» **LISTED ENTRIES**:
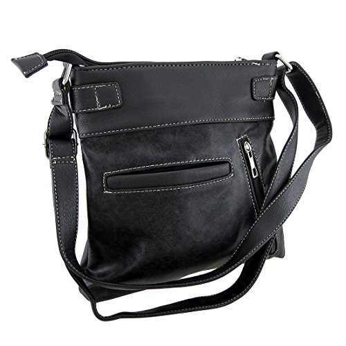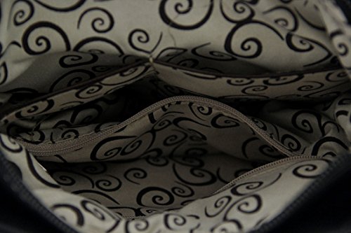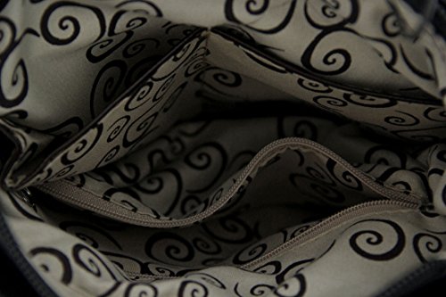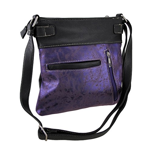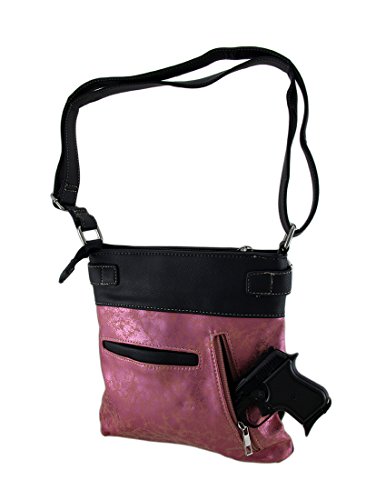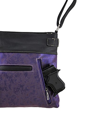 -. Feature : 11 in. High, 9 1/2 in. Long, 1 1/4 in. Wide / Foiled Fabric Construction/Vinyl Trim/Polyester Lined / Rhinestone Covered Skull/Conical Studs and Radiant Rhinestones / Zip Pocket on the Front/Zippered Concealed Carry Compartment and Slip Pocket on Back / 1 Wide Strap /Adjustable 13-24 in. Drop
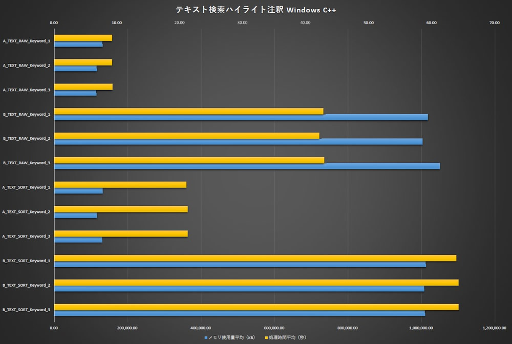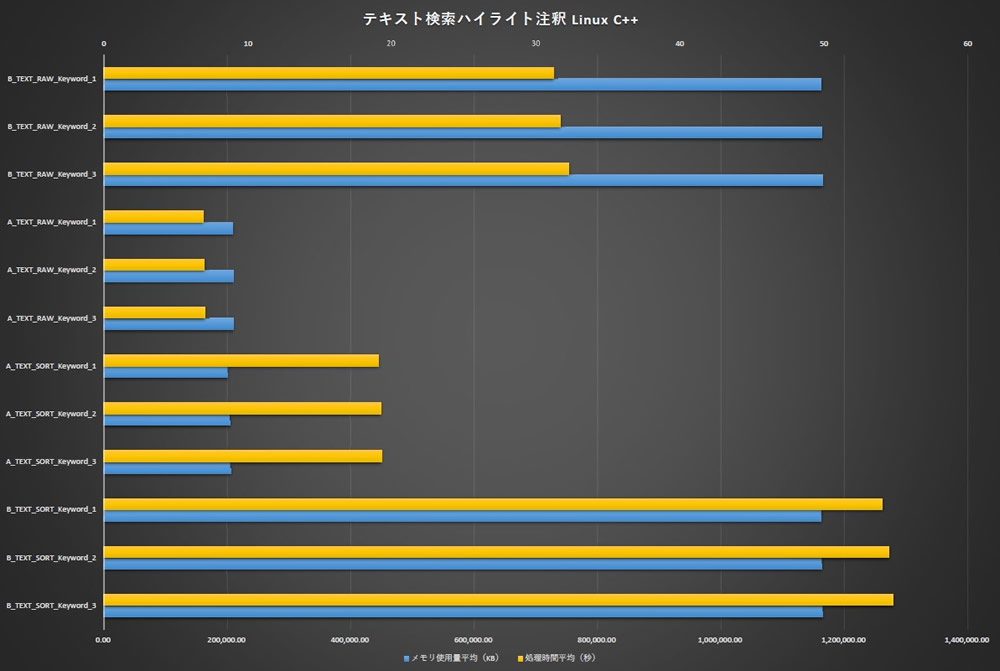 | メモリ使用量平均(KB) | 処理時間平均(秒) | |
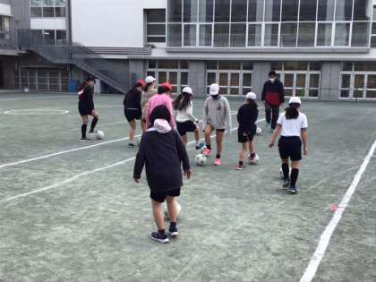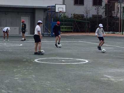 体育の時間です。サッカーの学習に入りました。まずは、ボールコントロールからですね。
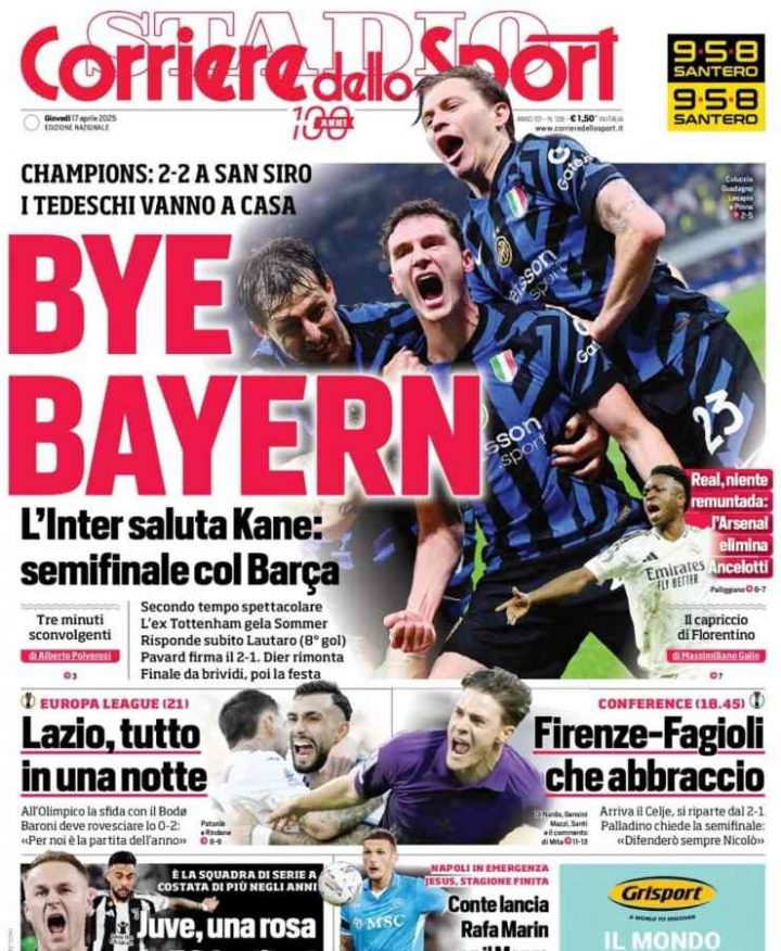 Il Corriere dello Sport dedica la copertina al passaggio di turno in Champions dell’Inter ai danni degli uomini di Kompany, aprendo con “Bye Bayern”. Taglio basso dedicato a Lazio e Fiorentina.
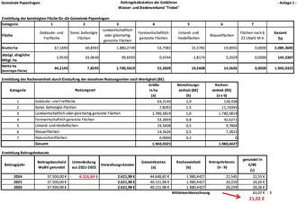 (1) Die Gebühr wird nach Berechnungseinheiten (BE) entsprechend dem Beitragsbuch des Wasser- und Bodenverbandes „Trebel“ festgesetzt. Die Berechnungseinheit (BE) ab dem Berechnungsjahr 2024 wird mit einem Hebesatz von 21,02 €/BE zugrunde gelegt. Darin ist einmalig die Minusdifferenz in Höhe von 4.526,84 € für den Umlagezeitraum 2021 bis 2023 zu den Gesamtkosten gerechnet und kalkuliert worden.
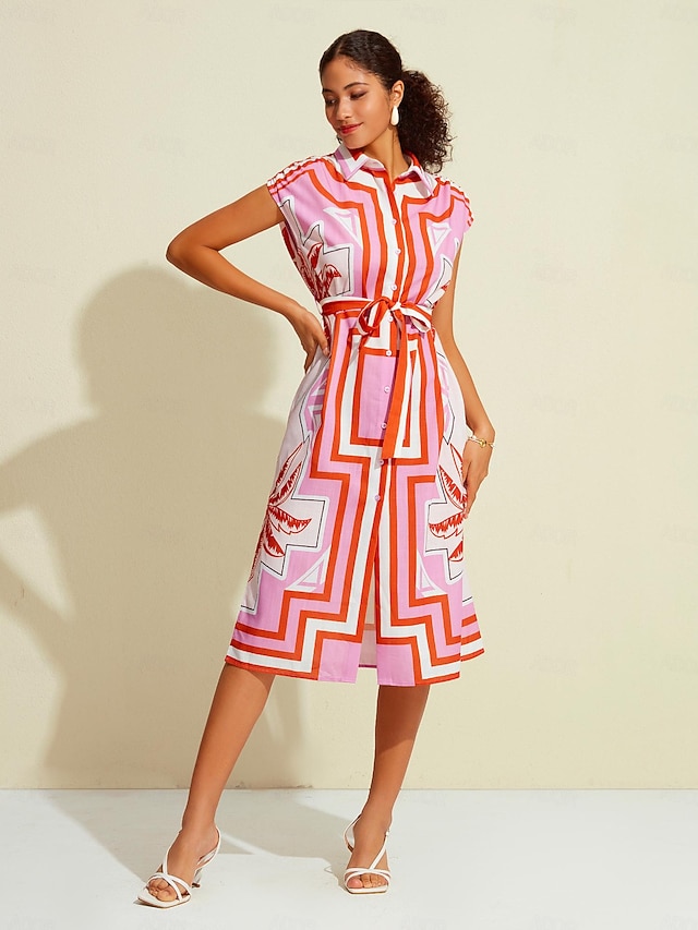 Tropical Belted Raglan Sleeve Knee Length Dress#16609370
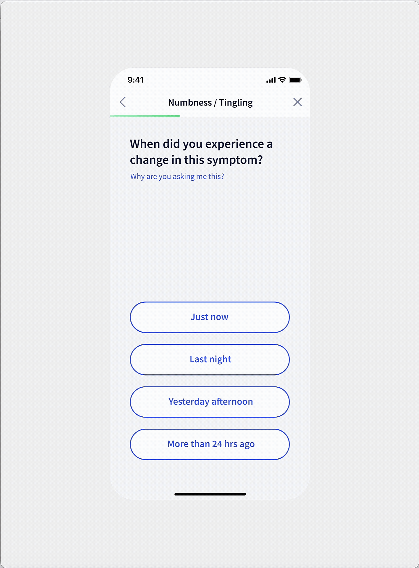This was done in balance with the patient experience so that they did not feel overwhelmed with the number of questions, screens, and options. I kept curating the flow while ensuring the app’s advice was medically sound through the experts.
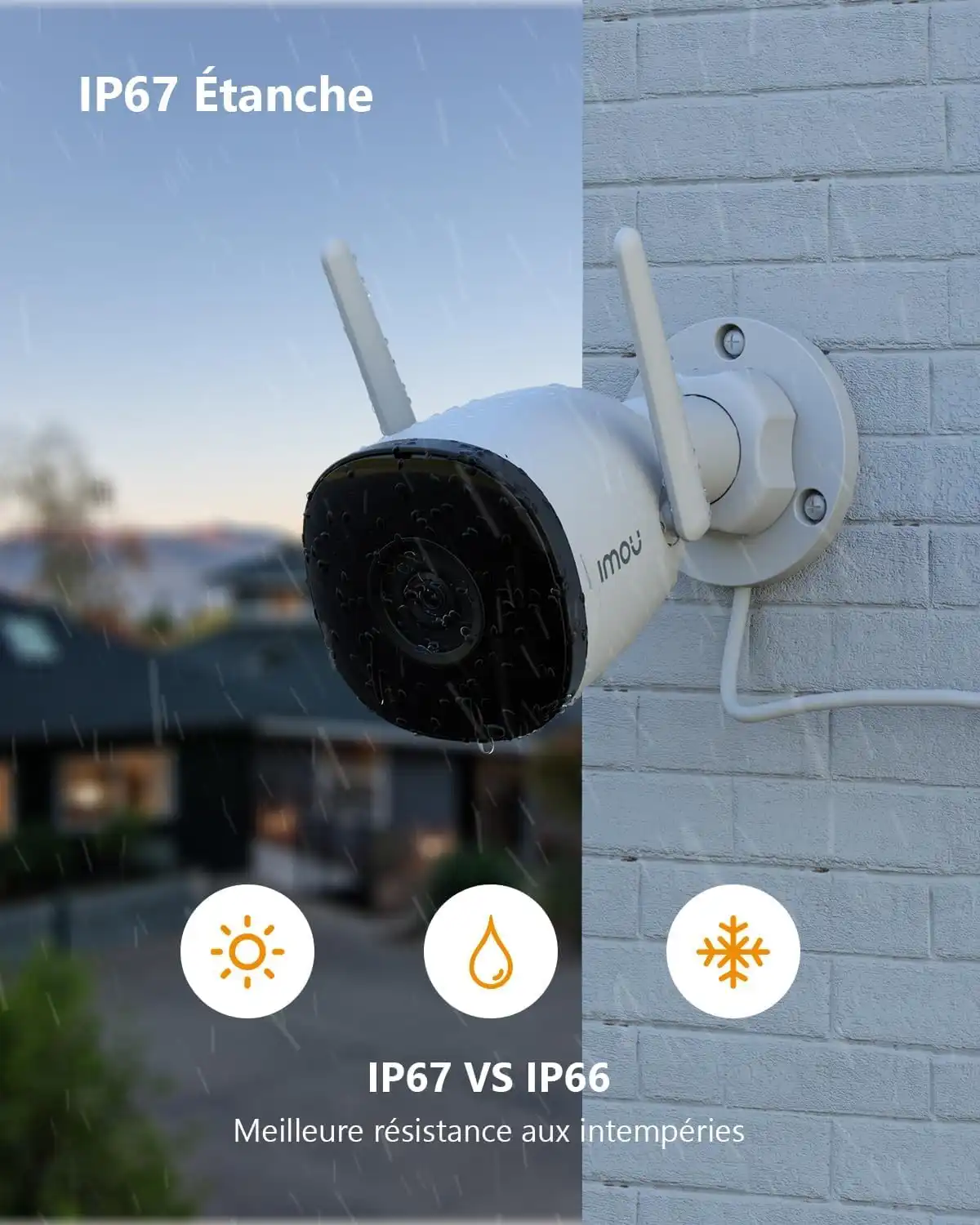 Specification Camera 1/2.8”3Megapixel Progressive CMOS 3MP(2304×1296) Night Vision: 30m(98ft) 2.8mm/3.6mm Fixed Lens Field of View: 2.8mm: 98°(H), 54°(V), 121°(D) 3.6mm: 82°(H), 44°(V), 104°(D) Network 1 x 100Mbps Ethernet Port Wi-Fi:IEEE802.11b/g/n/ax, Dual Antenna Imou App: iOS, Android ONVIF Video & Audio Video Compression : H.265/H.264 Up to 25/30 fps Frame Rate 8 x Digital Zoom Built-in Mic Auxiliary Interface Micro SD Card Slot (up to 512GB) Reset Button Notice Management Motion Detection Configurable Region Human Detection Configurable Voice General DC 12V0.5A Power Supply Power Consumption:<6 W Material: Plastic+metal Working Environment:-30°C~+60°C, Less Than 95%RH Dimensions: 165× 90 × 73mm (6.5 × 3.6 × 2.9inch) Weight: 280 g (0.62 lb) CE,UKCA IP67

» **THE TASK**: Your copy should hold all the data word for word. It should hold no pictures.

» **TASK RESPONSE**:
 -. Feature : 11 in. High, 9 1/2 in. Long, 1 1/4 in. Wide / Foiled Fabric Construction/Vinyl Trim/Polyester Lined / Rhinestone Covered Skull/Conical Studs and Radiant Rhinestones / Zip Pocket on the Front/Zippered Concealed Carry Compartment and Slip Pocket on Back / 1 Wide Strap /Adjustable 13-24 in. Drop
 | メモリ使用量平均(KB) | 処理時間平均(秒) | |
 体育の時間です。サッカーの学習に入りました。まずは、ボールコントロールからですね。
 Il Corriere dello Sport dedica la copertina al passaggio di turno in Champions dell’Inter ai danni degli uomini di Kompany, aprendo con “Bye Bayern”. Taglio basso dedicato a Lazio e Fiorentina.
 (1) Die Gebühr wird nach Berechnungseinheiten (BE) entsprechend dem Beitragsbuch des Wasser- und Bodenverbandes „Trebel“ festgesetzt. Die Berechnungseinheit (BE) ab dem Berechnungsjahr 2024 wird mit einem Hebesatz von 21,02 €/BE zugrunde gelegt. Darin ist einmalig die Minusdifferenz in Höhe von 4.526,84 € für den Umlagezeitraum 2021 bis 2023 zu den Gesamtkosten gerechnet und kalkuliert worden.
 Tropical Belted Raglan Sleeve Knee Length Dress#16609370
This was done in balance with the patient experience so that they did not feel overwhelmed with the number of questions, screens, and options. I kept curating the flow while ensuring the app’s advice was medically sound through the experts.
 Specification Camera 1/2.8”3Megapixel Progressive CMOS 3MP(2304×1296) Night Vision: 30m(98ft) 2.8mm/3.6mm Fixed Lens Field of View: 2.8mm: 98°(H), 54°(V), 121°(D) 3.6mm: 82°(H), 44°(V), 104°(D) Network 1 x 100Mbps Ethernet Port Wi-Fi:IEEE802.11b/g/n/ax, Dual Antenna Imou App: iOS, Android ONVIF Video & Audio Video Compression : H.265/H.264 Up to 25/30 fps Frame Rate 8 x Digital Zoom Built-in Mic Auxiliary Interface Micro SD Card Slot (up to 512GB) Reset Button Notice Management Motion Detection Configurable Region Human Detection Configurable Voice General DC 12V0.5A Power Supply Power Consumption:<6 W Material: Plastic+metal Working Environment:-30°C~+60°C, Less Than 95%RH Dimensions: 165× 90 × 73mm (6.5 × 3.6 × 2.9inch) Weight: 280 g (0.62 lb) CE,UKCA IP67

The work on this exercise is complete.